Repeat the data below exactly, dropping any pictures it holds.

- _Dataset extract_:

== == ==

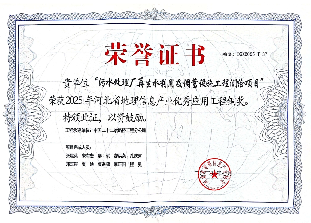 近日獲悉,在河北省地理信息產(chǎn)業(yè)協(xié)會主辦的權(quán)威評選中,路橋公司憑借“污水處理廠再生水利用及調(diào)蓄設(shè)施工程測繪項目”的卓越實踐,榮獲“2025年河北省地理信息產(chǎn)業(yè)優(yōu)秀應(yīng)用工程銅獎”。
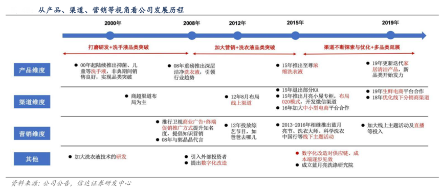 經(jīng)典案例:根據(jù)公司公告、信達(dá)證券研發(fā)中心等綜合資訊表明,1992年藍(lán)月亮推出首款產(chǎn)品強(qiáng)力型油污克星,率先從廚房清潔類產(chǎn)品入手;2000 年推出藍(lán)月亮洗手液,切入個(gè)人清潔領(lǐng)域;同時(shí),其研發(fā)中心 96 年起致力于洗衣液研發(fā)及技術(shù)革新,旨在解決提升潔凈能力、保護(hù)衣物纖維、降低生產(chǎn)及洗滌過程中能耗等難題,歷時(shí) 12 年研發(fā)打磨推出首款洗衣液產(chǎn)品(藍(lán)月亮深層潔凈洗衣液),在衣物護(hù)理行業(yè)快速突破。
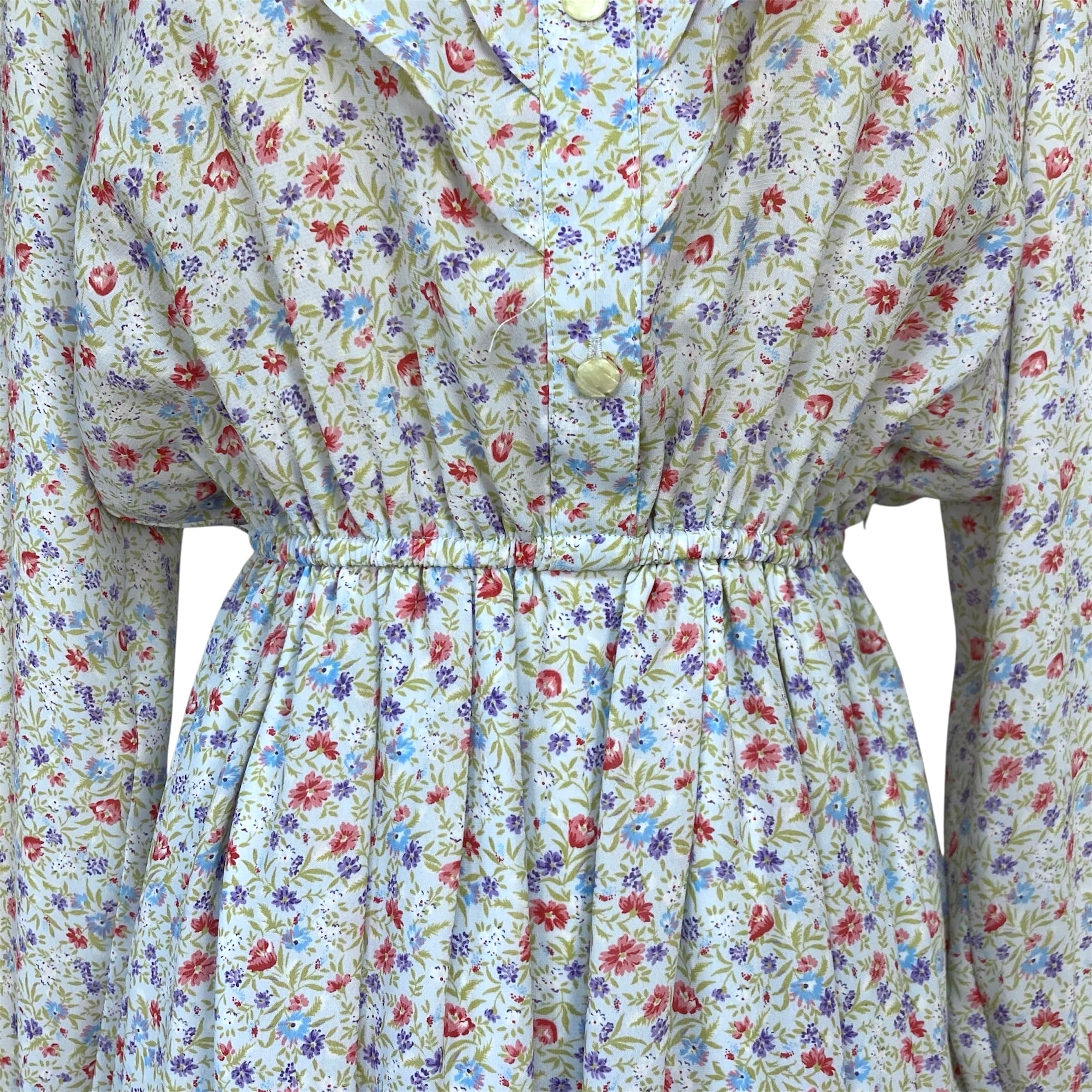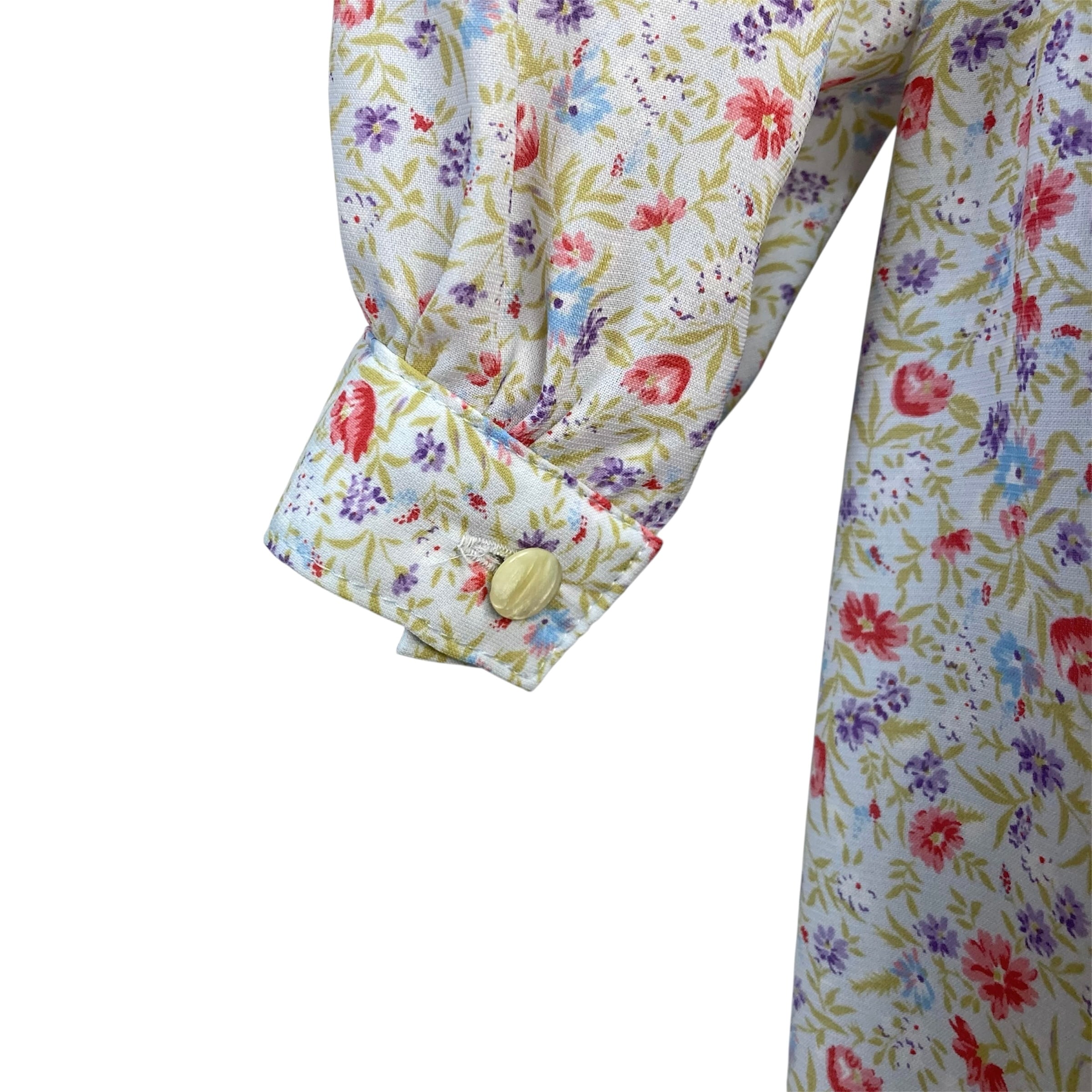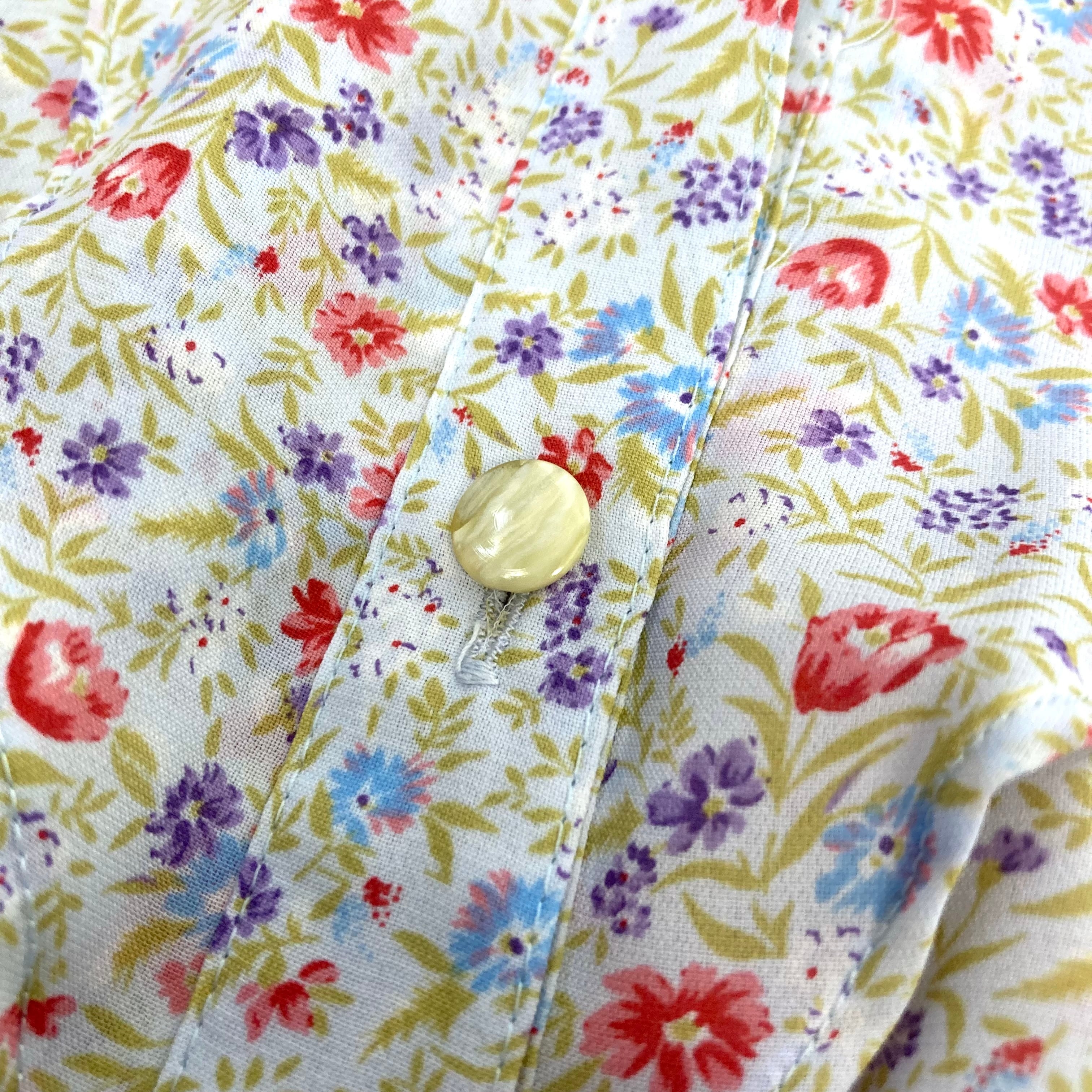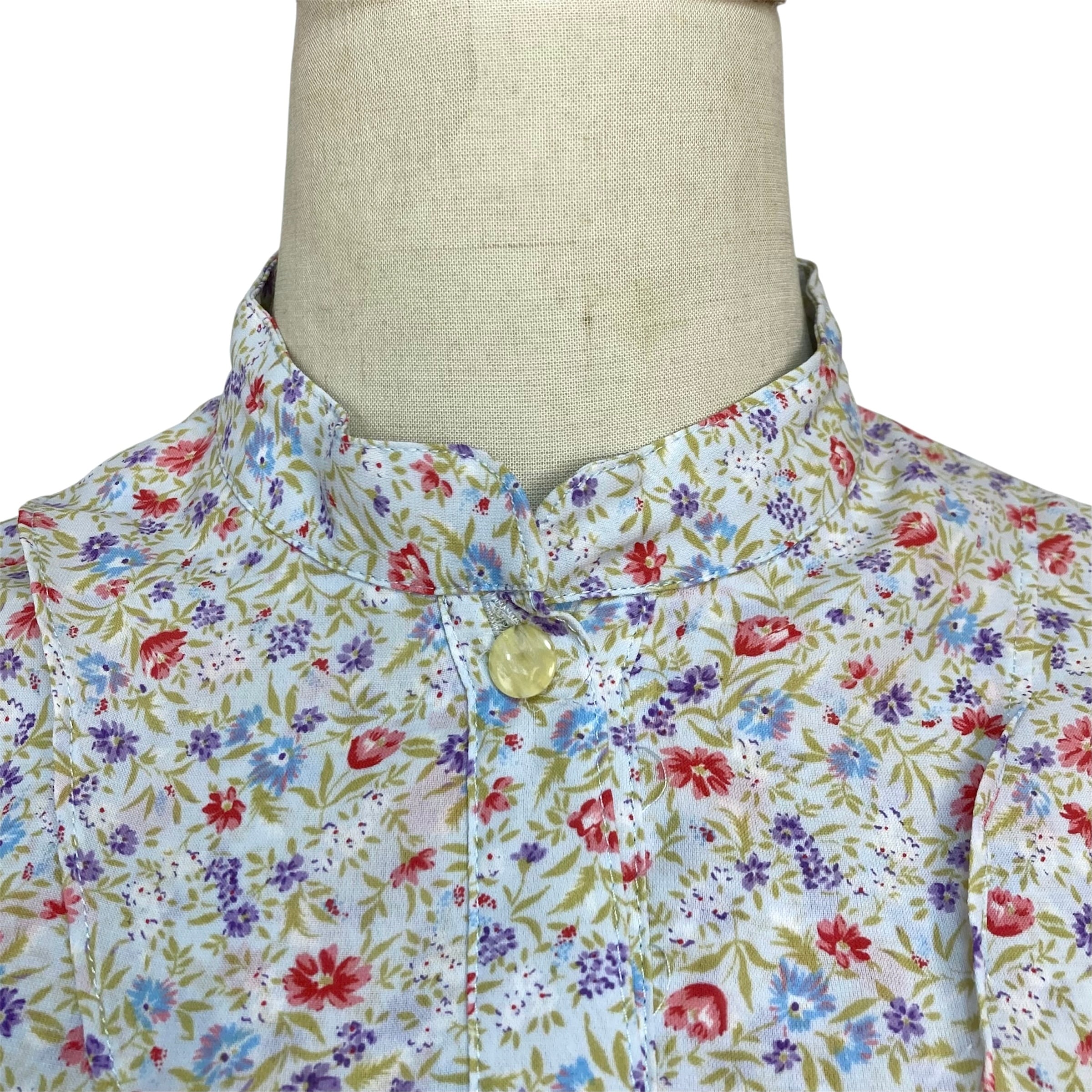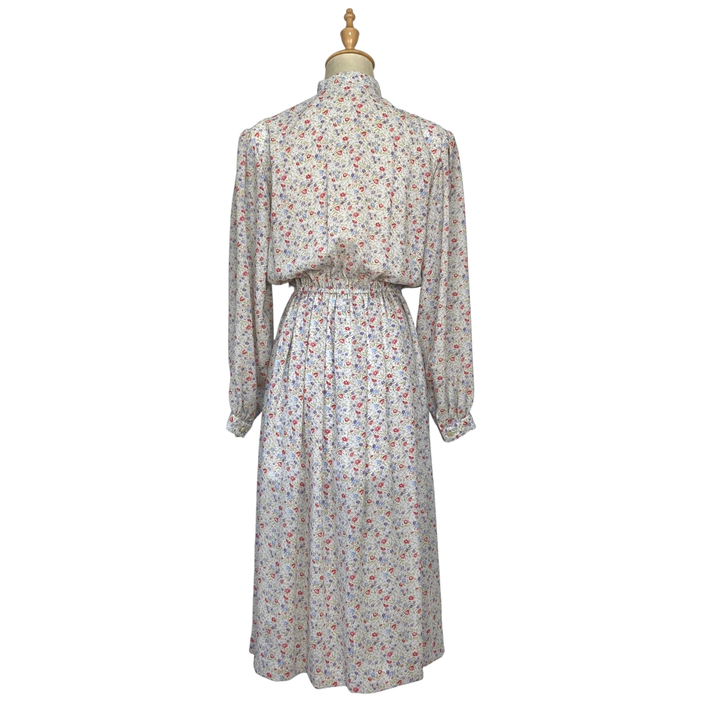 スタンドカラー、フロントにティアードデザインのゆるやかなフリルの総柄レトロワンピース
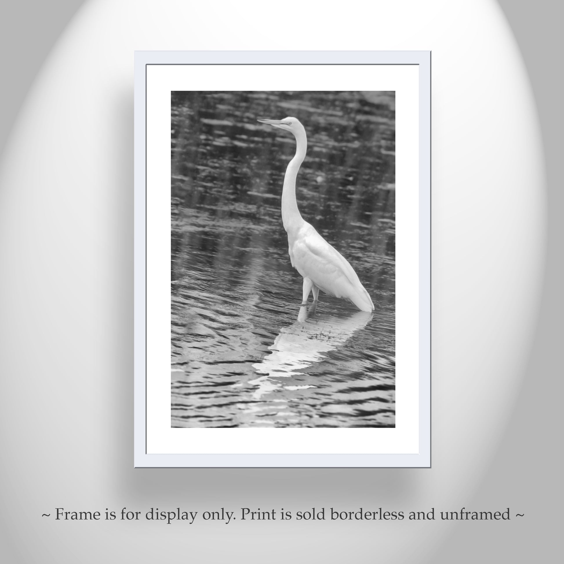 White Egret Bird Print in Black and White | Arizona Wetlands Avian Artwork

== == ==

- _Solved exercise_:
 近日獲悉,在河北省地理信息產(chǎn)業(yè)協(xié)會主辦的權(quán)威評選中,路橋公司憑借“污水處理廠再生水利用及調(diào)蓄設(shè)施工程測繪項目”的卓越實踐,榮獲“2025年河北省地理信息產(chǎn)業(yè)優(yōu)秀應(yīng)用工程銅獎”。
 經(jīng)典案例:根據(jù)公司公告、信達(dá)證券研發(fā)中心等綜合資訊表明,1992年藍(lán)月亮推出首款產(chǎn)品強(qiáng)力型油污克星,率先從廚房清潔類產(chǎn)品入手;2000 年推出藍(lán)月亮洗手液,切入個(gè)人清潔領(lǐng)域;同時(shí),其研發(fā)中心 96 年起致力于洗衣液研發(fā)及技術(shù)革新,旨在解決提升潔凈能力、保護(hù)衣物纖維、降低生產(chǎn)及洗滌過程中能耗等難題,歷時(shí) 12 年研發(fā)打磨推出首款洗衣液產(chǎn)品(藍(lán)月亮深層潔凈洗衣液),在衣物護(hù)理行業(yè)快速突破。
 スタンドカラー、フロントにティアードデザインのゆるやかなフリルの総柄レトロワンピース
 White Egret Bird Print in Black and White | Arizona Wetlands Avian Artwork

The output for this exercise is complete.